Corsalini Massimo, Daniela Di Venere, Biagio Rapone, Gianluca Stefanachi, Alessandra Laforgia, Francesco Pettini
Dental School - University of Bari, Piazza Giulio Cesare, Bari, Italy.
Open Dent J. 2017 Feb 14;11:91-98. doi: 10.2174/1874210601711010091. eCollection 2017.

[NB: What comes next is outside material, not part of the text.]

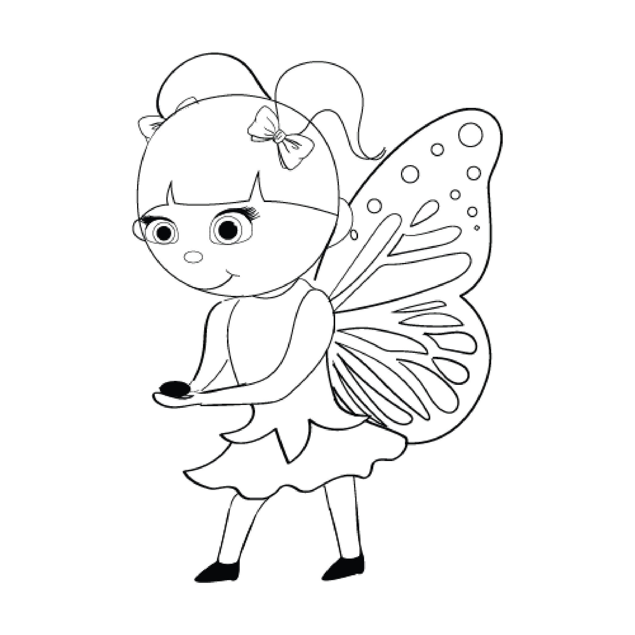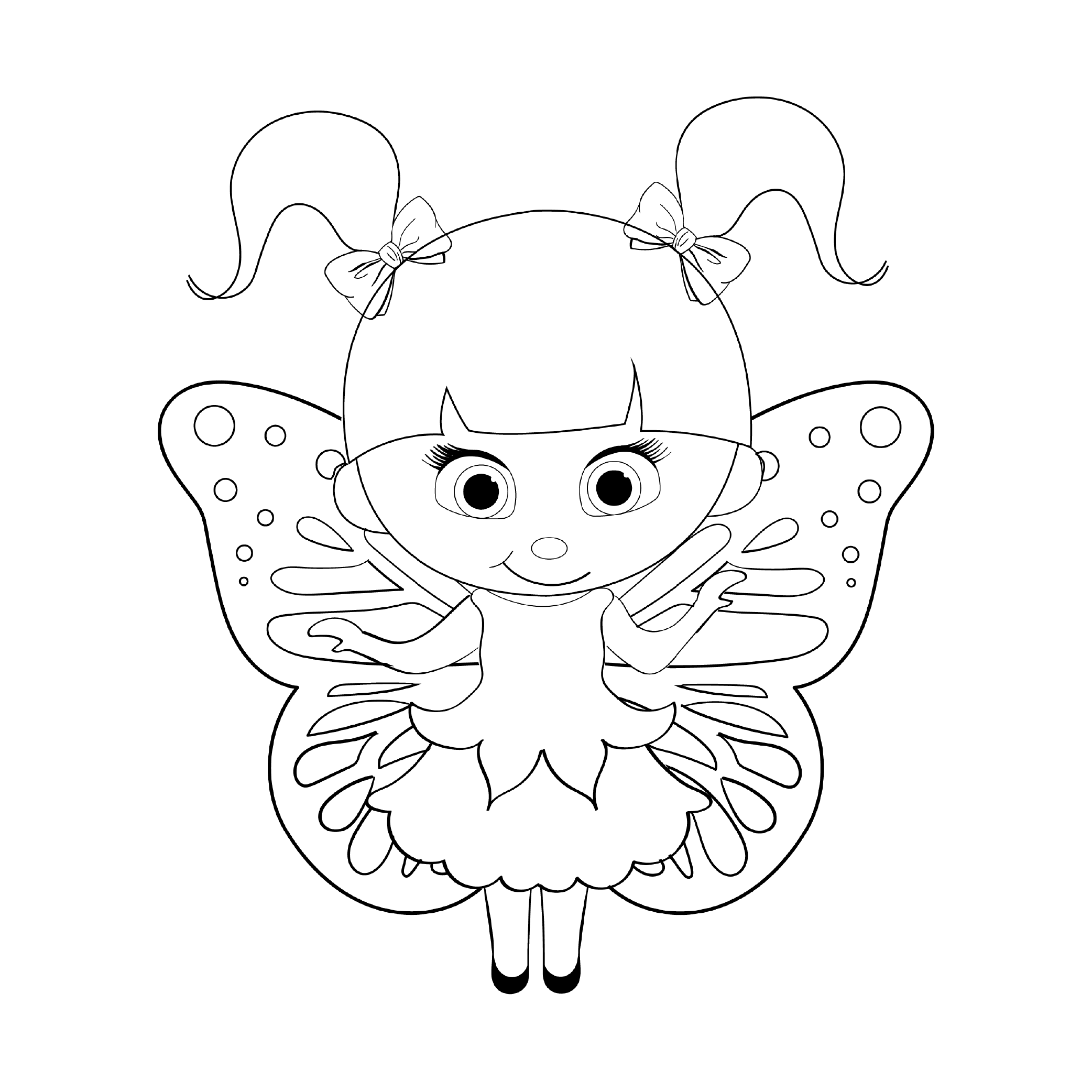 Wisteria is a small young fairy with butterfly wings, who lives in the woods. She is whimsical and likes to wander. She loves shiny and sparkly objects, and she enjoys collecting them while she is wandering in the woods. She loves her friends and shows her love by gifting these shiny objects to them. Her love of shiny things is shown in her sparkly purple bows that she wears in her pig tails.
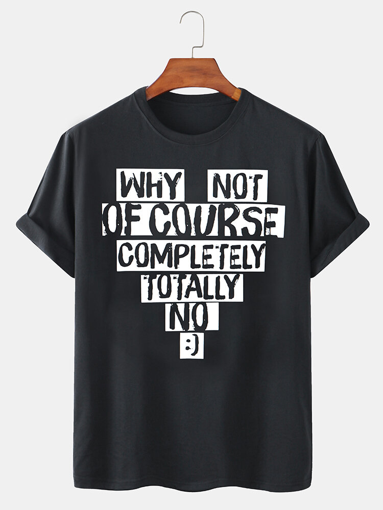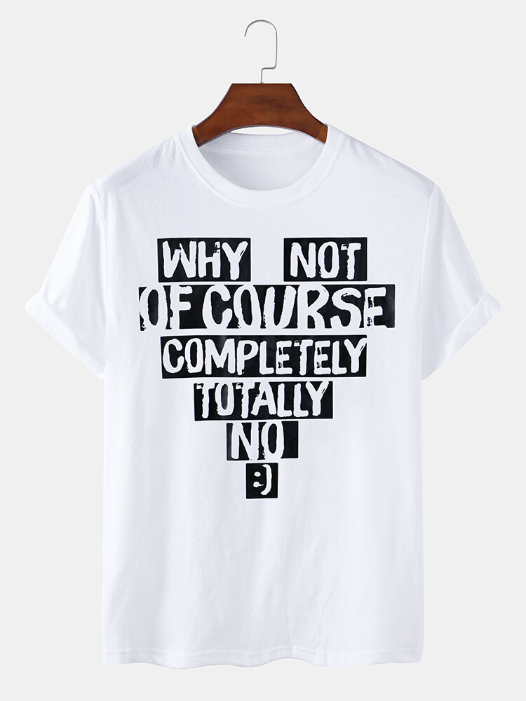 Design Text Print Cotton Breathable Short Sleeve Crew Neck T-Shirts – White L

The purpose of this study is to highlight the evidence of signs and symptoms of craniomandibular disorders (CMD) in patients suffering from fibromyalgia.
The study has been carried out from May 2011 to May 2015, recruiting a sample of fibromyalgia patients at the Department of Neurophysiopathology at the hospital Policlinico in Bari. Among the 150 examined patients, 60 of them have been diagnosed to suffer from fibromyalgia and 27 accepted to be investigated with a gnathologic examination at the Dental School at the University of Bari.
24 patients (88.9%) were women and 3 (11.1%) men; from 26 to 66 years old (average age, 39). 14 patients (51.9%) were affected by primary fibromyalgia, the remaining 13 (48.1%) by secondary fibromyalgia, mainly associated with hypothyroidism (29.6%). VAS average score was about 8 ± 1.85. The frequency of pain was daily in 15 patients (55.6%); twice a week in 10 patients (37.03%) and a few times a month in 2 patients (7.4%). 11 patients (40.7%) attributed the onset of fibromyalgia to a specific instigating event. In addition, from the gnathologic anamnesis, 11 patients (40,7%) reported a painful symptom in the head-neck region, especially in the frontal region, in the neck, in the masseter muscle and ATM. VAS average score was 3.4 ± 2.8, significantly lower than the one referring to the fibromyalgia pain. The gnathological examination found CMD signs and symptoms in 18 patients (66.7%). Concerning the prevalence of CMD, in type I fibromyalgia, myofascial pain was more frequent (5 patients), whereas in type II fibromyalgia, what was more frequent was a dislocation with reduction (3 patients).
Based on clinic experience, we can affirm that some patients with CMD report pain in other regions. It is difficult to distinguish the CMD forms directly correlated to fibromyalgia from those engendered by parafunctional activities; hence the need is to resolve the fibromyalgia syndrome adopting a multidisciplinary approach.
本研究旨在强调纤维肌痛患者颅下颌关节紊乱症(CMD)的体征和症状证据。
本研究于2011年5月至2015年5月开展,在巴里综合医院神经生理病理学部门招募纤维肌痛患者样本。在150名接受检查的患者中,60人被诊断患有纤维肌痛,其中27人同意在巴里大学牙科学院接受口腔检查。
24名患者(88.9%)为女性,3名(11.1%)为男性;年龄在26至66岁之间(平均年龄39岁)。14名患者(51.9%)患有原发性纤维肌痛,其余13名(48.1%)患有继发性纤维肌痛,主要与甲状腺功能减退有关(29.6%)。视觉模拟评分(VAS)平均得分约为8±1.85。15名患者(55.6%)疼痛频率为每天发作;10名患者(37.03%)为每周发作两次;2名患者(7.4%)为每月发作几次。11名患者(40.7%)将纤维肌痛的发作归因于特定的诱发事件。此外,从口腔病史来看,11名患者(40.7%)报告头颈部区域有疼痛症状,尤其是前额区域、颈部、咬肌和颞下颌关节。VAS平均得分3.4±2.8,显著低于纤维肌痛疼痛的得分。口腔检查发现18名患者(66.7%)有CMD的体征和症状。关于CMD的患病率,在I型纤维肌痛中,肌筋膜疼痛更为常见(5例),而在II型纤维肌痛中,更为常见的是可复性关节脱位(3例)。
根据临床经验,我们可以肯定,一些CMD患者在其他区域也有疼痛。很难直接区分与纤维肌痛直接相关的CMD形式和由副功能活动引起的CMD形式;因此,需要采用多学科方法来解决纤维肌痛综合征。